DATA TO USE:
•••

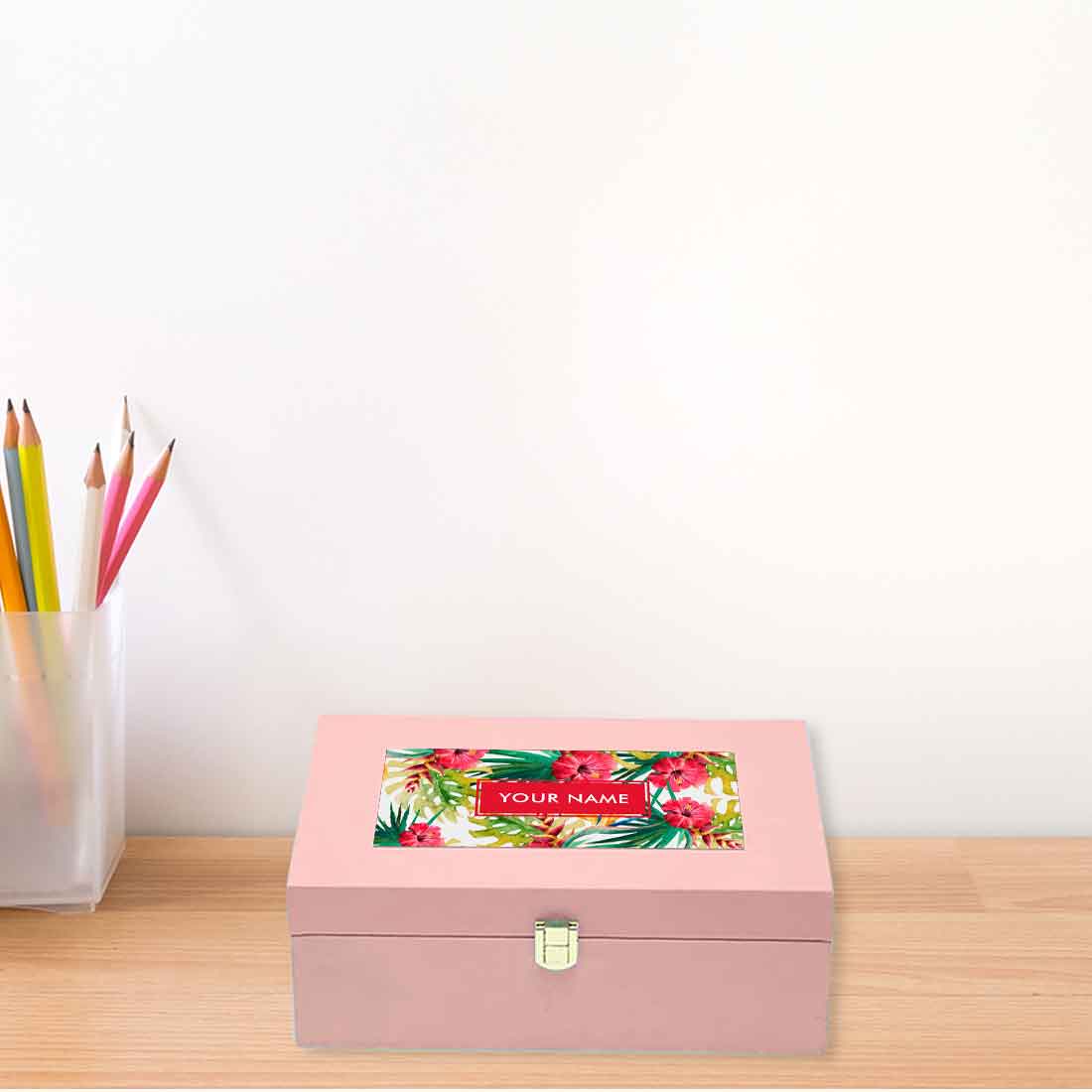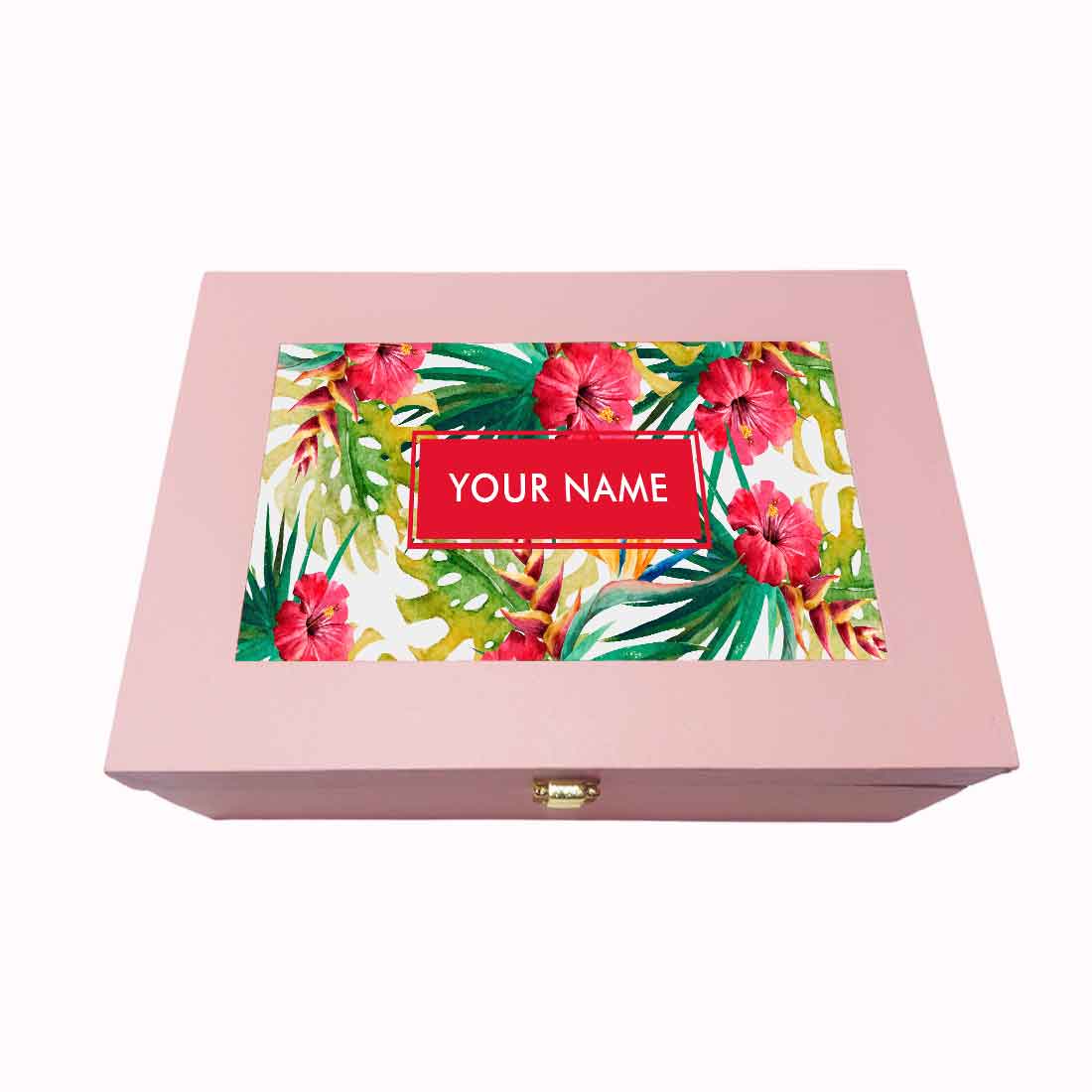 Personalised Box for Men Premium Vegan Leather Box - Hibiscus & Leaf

•••

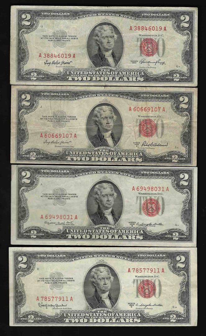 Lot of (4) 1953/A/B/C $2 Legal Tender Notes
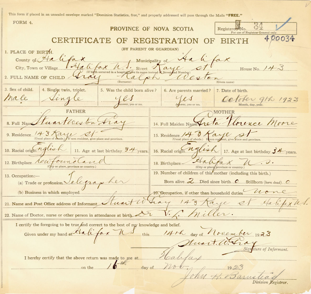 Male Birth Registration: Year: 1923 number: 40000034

•••

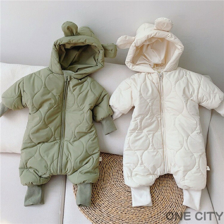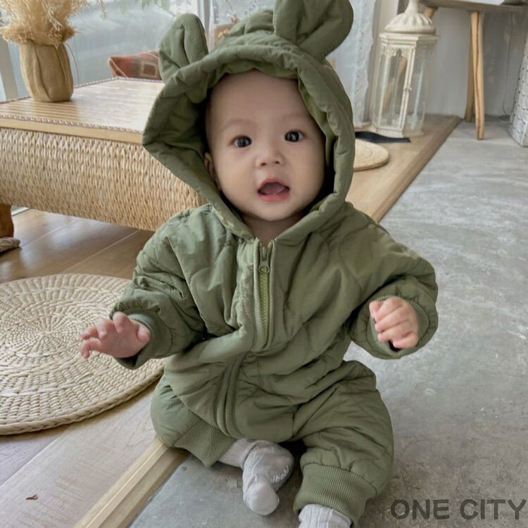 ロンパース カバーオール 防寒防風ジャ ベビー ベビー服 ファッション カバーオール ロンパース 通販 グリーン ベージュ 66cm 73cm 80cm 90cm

•••

PROBLEM: Among the lines above, the one with "Lot of (4) 1953/A/B/C $2 Legal Tender Notes" opens the part to repeat and the one with "Male Birth Registration: Year: 1923" closes it; repeat only that part exactly, with no pictures.

OUTPUT BELOW:
 Lot of (4) 1953/A/B/C $2 Legal Tender Notes
 Male Birth Registration: Year: 1923 number: 40000034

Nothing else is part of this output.